The fog is thick and cool, resting atop the rice fields as the truck I'm riding in rumbles up.

Rice fields in the morning. Photo by Sidney Ann Fowler.
I'm back to village life for 3 days with X-Life. It took my group three hours on a public bus winding through the mountains and jungle to get here. Here is where my ministry contact's father lives and works. Here is where people sleep at sunset and rise before dawn. Here is where there is a noticeable absence of anyone in their teens, twenties, and thirties . . . all gone to the city to try their luck, to work in the sex tourism industry, to hopefully capture the attention of a farang or two or three . . .

X-Life team with our village hosts.
I'm spreading hay in the rice fields. It's to prepare for burning season, when the harvested fields are burned to fertilize the soil. I'm grabbing armfuls of dried, yellow rice stalk and shaking them out in a backwards-moving pattern with 6 other Americans and 2 Thai women.
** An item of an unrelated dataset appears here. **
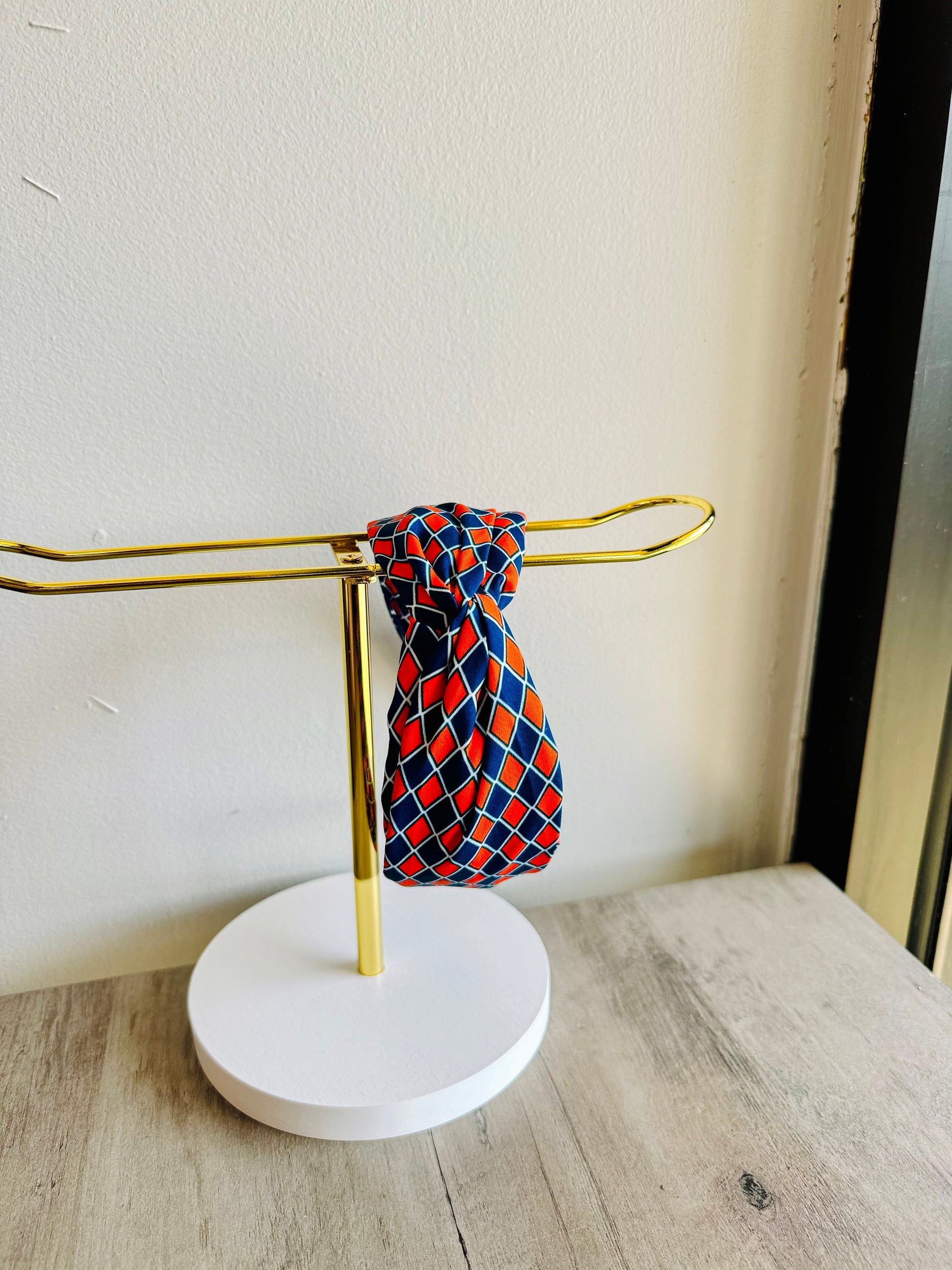 Introducing the Simple Gameday Headband, the perfect accessory for any sports enthusiast. Its stylish design features red beaded accents and a bold orange and navy diamond checkered pattern. Stay fashionable while showing off your team spirit.

The fog lifts around 10:30AM, and I start to sweat in my rain jacket and pants–which I'm too afraid to take off because the other women's skin are already inflamed from the hay. The unforgiving Thai sun beats down on me as I continue to spread hay over field after field.
It's like how the Lord brings all my junk to the surface. Moments I'd rather forget, injuries I'd rather grin and bear, He wants me to bring it all to the surface and spread it out in the light so they can't have power. I'm chatting with the other women about this, when the revelation hits,
Even what we're spreading out to burn was necessary for the rice, what was harvestable, to grow. And now it's being used to re-energize the ground for the next harvest. Likewise, the Lord redeems even what seemed unprofitable in our lives.
I wonder if villagers are the ones who really understand the Scriptures. All those parables and metaphors about sowing and harvesting–they're somewhat lost on suburbanites who can get fast food delivered to their doors by ordering via iPhone app.

Our ride to work. We sit in the back, obviously. Photo by Sidney Ann Fowler.
I miss this simple life. The lack of internet and steady electricity. Even bucket showers and squatty-potties have a strange appeal.

Preparing for burning season.
It was only three days, yet what a full three days it was. Life with Jesus is full.
When He had said these things He cried, "He who has ears to hear, let him hear!"